- Born: 10 August 1960 (age 66)
- Education: Royal Veterinary and Agricultural University
- Scientific career
- Thesis: Identification, characterization, and inhibition of bacteria isolated from tropical fish (1989)

= Lone Gram =

Danish microbiologist

Lone Gram is Danish microbiologist known for her work in bacterial physiology, microbial communication, and biochemicals that originate from bacterial cultures. She is an elected member of the Royal Danish Academy of Sciences and Letters and has received the Order of the Dannebrog.

== Education and career ==
Gram's first microbiology course led her away from her initial career interests in medicine, and into marine bacteria. Gram has both an M.Sc. (1985) and a Ph.D. (1989) from the Royal Veterinary and Agricultural University in Denmark. Following her Ph.D., Gram joined the Technological Laboratory of the Danish Ministry of Fishes. In 2010 she was promoted to professor at the Technical University of Denmark. Gram has also spent time working at Harvard Medical School and at the University of New South Wales.

== Research ==
Gram's research centers on the physiology of bacteria in the environment and using bacteria for biotechnology. Her early research examined variability in the bacteria found in spoiled fish, removing bacterial biofilms, and preventing biofilms using compounds from the red algae Delisea pulchra. She has examined the interactions across different species of bacteria, and the production of compounds that send messages among bacteria. Her research includes investigations bacterial attachment to surfaces, and quantification of hydrogen sulfide production by bacteria associated with fish. From 2006 until 2007, Gram participated in the Galathea 3 expeditions, and she is using the bacterial cultures initiated during the project to mine bacteria for chemical compounds that may be useful to people. Gram's research extends to investigations of the global distribution of bacterial species, and an examination of how the presence of varying nutrients alters the chemical compounds produced by bacteria.

== Selected publications ==

- Gram, Lone (1996). "Microbiological spoilage of fish and fish products"
- Gram, Lone (1999). "Inhibition of Vibrio anguillarum byPseudomonas fluorescens AH2, a Possible Probiotic Treatment of Fish"
- Huber, I. (2004). "Phylogenetic analysis and in situ identification of the intestinal microbial community of rainbow trout (Oncorhynchus mykiss, Walbaum)"
- Gram, Lone (2002). "Possible Quorum Sensing in Marine Snow Bacteria: Production of Acylated Homoserine Lactones by Roseobacter Strains Isolated from Marine Snow"

== Awards and honors ==
In 2008, Gram received Tagea Brandt Rejselegat, an award given to Danish women to recognize significant contributions in science, literature, or art.
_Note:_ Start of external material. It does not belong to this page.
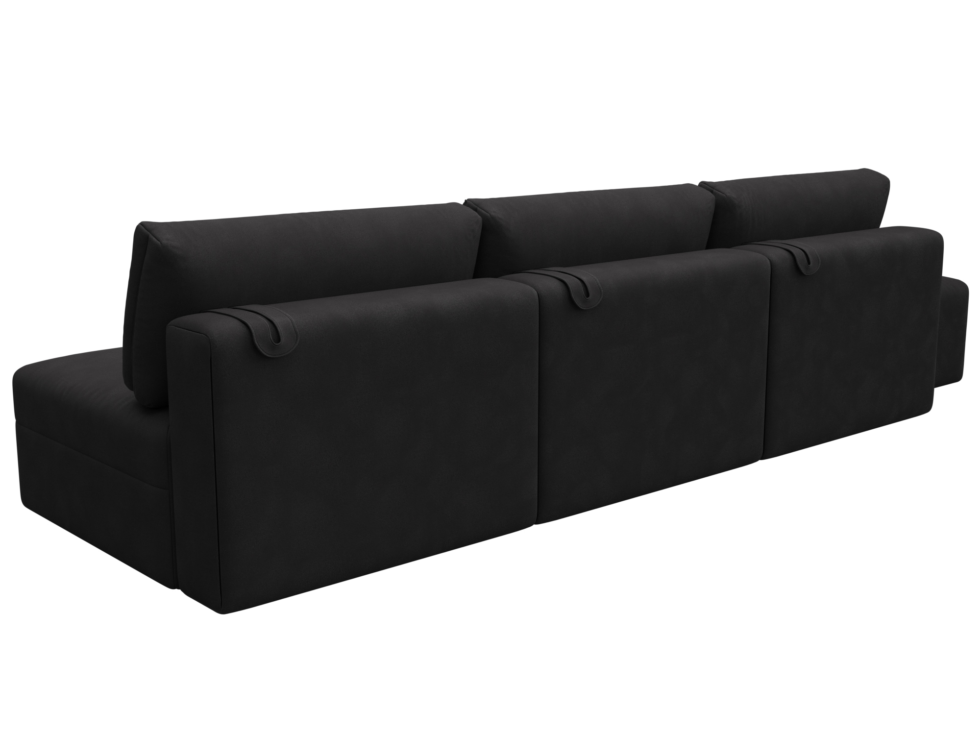 При габаритах: 367x84x118 см подойдет для комнат любых размеров, модули легко раскладываются, обеспечивая 2 спальных места для 3-х человек размерами 160x200 см и 100х227см.

In 2016, Gram received the Villum Kann Rasmussen Annual Award in Science and Technology, which is given in recognition of "a particularly valuable contribution to the technical and natural sciences". In 2018, she received the Order of the Dannebrog. In 2020, Gram was elected a member of the Royal Danish Academy of Sciences and Letters.

== Personal life ==
Gram's great-grandfather was Hans Christian Gram who developed the Gram stain, a commonly used technique in microbial ecology. Gram is also distantly related to the Danish historian Hans Gram.